A Stumbling Count

  • Comments posted to this topic are about the item A Stumbling Count

  • Interesting approach although I'm not sure I would have done it in the same way.

    It looks like you're describing fact and dimension tables so you're looking at large fact tables. 12 seconds for a 300,000 row table (albeit on a test system) isn't great. Imagine a 300 million row table (or billion rows) and then try and run that CTE (joined twice) against the fact table.

    Firstly, the number of production days between two dates can be calculated without the use of a CTE:

    select count(*) from dbo.TstCalendar where Date between @delivery_day and @ship_date and ProdDay ='Y'

    Secondly, in this instance it would make more sense to store the delivery_time as a fact within the fact table. It's additive so it fits in there quite nicely and can allow the business to ask questions like (what was our average delivery time for orders in Jan, what was our lowest, highest, etc...). Also, by storing it in the table you remove the need to perform an unnecessary join between a very large fact table and the calendar table.

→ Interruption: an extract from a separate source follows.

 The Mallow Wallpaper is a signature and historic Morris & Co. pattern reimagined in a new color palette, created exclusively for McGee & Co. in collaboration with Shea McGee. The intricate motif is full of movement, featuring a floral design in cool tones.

    This does of course mean that you need to perform this calculation during the ETL load process but it's more efficient to do so with a day's (assuming you run the load once a day worth of data than against a large fact table.

    On another note, you should consider having a seperate order and shipment fact tables. A fact table should never really contain any nulls - the presence of nulls is often a clue that something is not right with the design. In this instance, it's fair to say that a ship_date is not really a fact related to orders.

  • Karl,

    Thanks for your reply. Well, actually, I think I should have mentioned that I am not describing a full blown data warehouse implementation. Building and maintaining a data warehouse is too expensive for the small and medium sized companies I work for. There are numerous companies like these and they also have their reporting needs and their problems to be solved.

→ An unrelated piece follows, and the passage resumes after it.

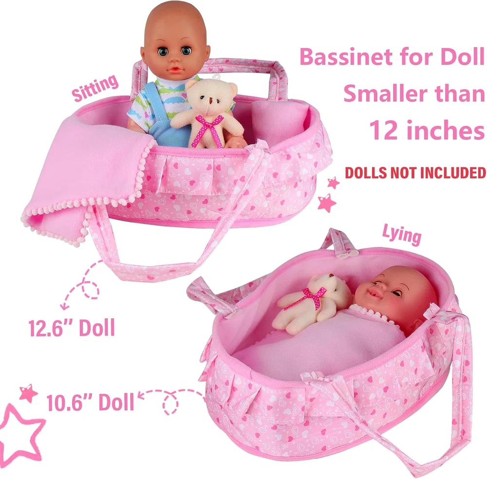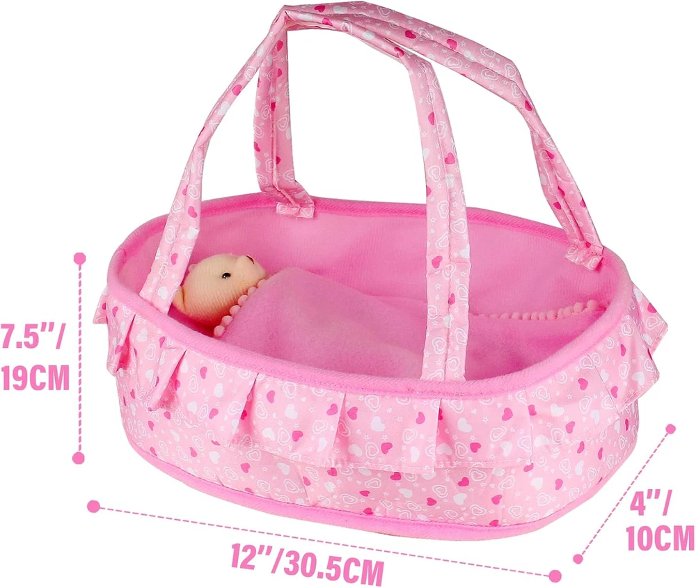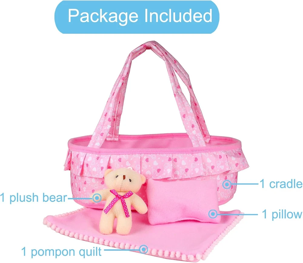 Store New Arrivals Add to Favorite View Feedback Contact Baby Doll Cradle Bassinet Carry Bag with Soft Pillow, Quilt & Bear for 8-12 Inch Dolls Baby Doll Cradle Bassinet Carry Bag with Soft Pillow, Quilt & Bear for 8-12 Inch Dolls Product Description Baby Doll Cradle Bassinet Playset – Portable Doll Bed with Accessories Introduce your little one to the world of imaginative play with this Baby Doll Cradle Bassinet . Designed for 8-12 inch dolls , this adorable cradle doubles as a portable doll carrier and cozy doll bed , offering everything needed for pretend play. Complete with a soft pillow , quilt , and a cute bear , this set provides a safe, comfortable space for baby dolls to rest, sleep, and travel. Features Portable & Versatile : This doll cradle bassinet can easily be used as both a bed and carrying bag , perfect for on-the-go play. Complete Accessories : Includes a soft pillow , cozy quilt , and a cute bear , ensuring your baby dolls are comfortable and content. Ideal Size : Fits dolls sized 8 to 12 inches , making it suitable for various types of smaller baby dolls. Encourages Pretend Play : Perfect for young children to engage in imaginative play , teaching them nurturing and caring behaviors. High-Quality Materials : Crafted with soft, child-safe fabrics to ensure a gentle touch for dolls and easy cleaning for parents. Cute & Practical Design : The soft, inviting design makes this set a great addition to any toy collection, while the carrying handle allows for easy portability. Specifications Set Includes : 1 Baby Doll Bassinet, 1 Soft Pillow, 1 Quilt, 1 Bear Doll Compatibility : Fits 8-12 inch dolls Materials : Soft fabric and plush materials for comfort Color : Multi-color (including soft pastel hues) Recommended Age : Suitable for children aged 3+ years Possible FAQs What size dolls does this cradle fit? This cradle is designed for 8-12 inch dolls , such as smaller baby dolls and alive baby dolls . Is the cradle portable? Yes, the cradle functions as a portable doll carrier , complete with a carrying handle for easy transport. What accessories come with the cradle? The set includes a soft pillow , a cozy quilt , and a cute bear , ensuring your dolls have everything they need for comfort. Can this cradle be used for different types of dolls? Yes, this cradle fits smaller dolls ranging from 8 to 12 inches , including many popular baby doll brands. Is this cradle machine washable? The materials are generally easy to clean , and the fabric can be wiped down with a damp cloth for maintenance. What age group is this cradle suitable for? This cradle is recommended for children aged 3 years and up , perfect for those who enjoy pretend play . Does the cradle have a firm or soft base? The cradle has a soft, cushioned base to ensure your baby dolls rest comfortably. Is the cradle collapsible or foldable for storage? While not collapsible, the lightweight design makes it easy to store when not in use. Can the accessories be used with other dolls? Yes, the pillow, quilt , and bear can be used with other 8-12 inch dolls and accessories. Is this cradle suitable for boys or girls? This cradle is suitable for both boys and girls , as it encourages nurturing and creative play for any child. Item Weight 3.52 ounces Product Dimensions 6 x 3 x 0.5 inches Manufacturer recommended age 3 years and up PRODUCT DIMENSIONS : 3.0 inches x 6.0 inches x 0.5 inches. Weight: 3.52 oz About Us Welcome to Perishey, your premier destination for high-quality products at unbeatable prices. Our commitment to excellence ensures that you receive top-notch service and premium items across a variety of categories. Our professional customer support team is always ready to assist you with any inquiries or needs, ensuring a seamless shopping experience. We take pride in serving you and strive to bring a smile to your face with our exceptional service and products. Visit our eBay store to explore our full range of offerings and discover the great deals we have in store for you. Thank you for choosing Laelegencia. Payment policy We have eBay Managed Payments, allowing you to pay with any payment method that eBay accepts. Please ensure that your shipping addresses are accurate. Immediate payment is required before we can send out your package. Shipping policy We are always working hard to ensure your package arrives as soon as possible. Please understand that some factors like weather, high postal traffic, and the performance of shipping companies are outside of our control. In most cases, your package will arrive before due time as it is a high priority for us. If there are any unexpected delays, please let us know and we will take care of it immediately. We have multiple locations in the US; residents of these states will be charged tax according to the state they reside in. Tax information is available at checkout. Returns We are committed to your happiness. That’s why we offer a 30-Day Return Policy on items that you are not completely satisfied with. You have the option for a refund or an exchange of the item. No returns are available on items shipped outside of the USA.

    I think you are right when you say that it makes a lot of sense to have delivery times stored in a data warehouse. That is, if you have one... The same is true for your remarks about null values for ship_date and a separate fact table for shipment facts. But discussing those issues would lead us to talking about details of an order management data mart and, although potentially very interesting, that is not what I had in mind at this point.

    I have a question:

    Your code

    select count(*) from dbo.TstCalendar where Date between @delivery_day and @ship_date and ProdDay ='Y'

    gives the correct number of production days between two dates, but how would you implement this code, when you want to report on, let's say, 50,000 records? (given a poor man's data mart consisting of a denormalized invoice-orders table with order_date and ship_date on the same row)

    Gijs

  • Gijs,

    I assumed that it was a data warehouse because of your description of the role-play dimension but I can understand how sometimes a full-blown data warehouse is too much to consider.

    With respect to calculating the delivery time using my code I would probably do something like amend your function dbo.WorkDayDiff to perform the select count(*) from the Calendar table. The only problem with this is that you'll end up with a nested loop join, which might not perform efficiently. That said, even with 10 years worth of data in this table you're still only talking of a table with 3600+ rows so it shouldn't be too bad.

    However, I would still give consideration to including this field in the actual table so that you wouldn't need to perform the calculation when trying to query many thousands of rows. Instead you'd only need to perform the calculation whenever you insert a record into the table.

  • SQLZ (5/31/2011)


    However, I would still give consideration to including this field in the actual table so that you wouldn't need to perform the calculation when trying to query many thousands of rows. Instead you'd only need to perform the calculation whenever you insert a record into the table.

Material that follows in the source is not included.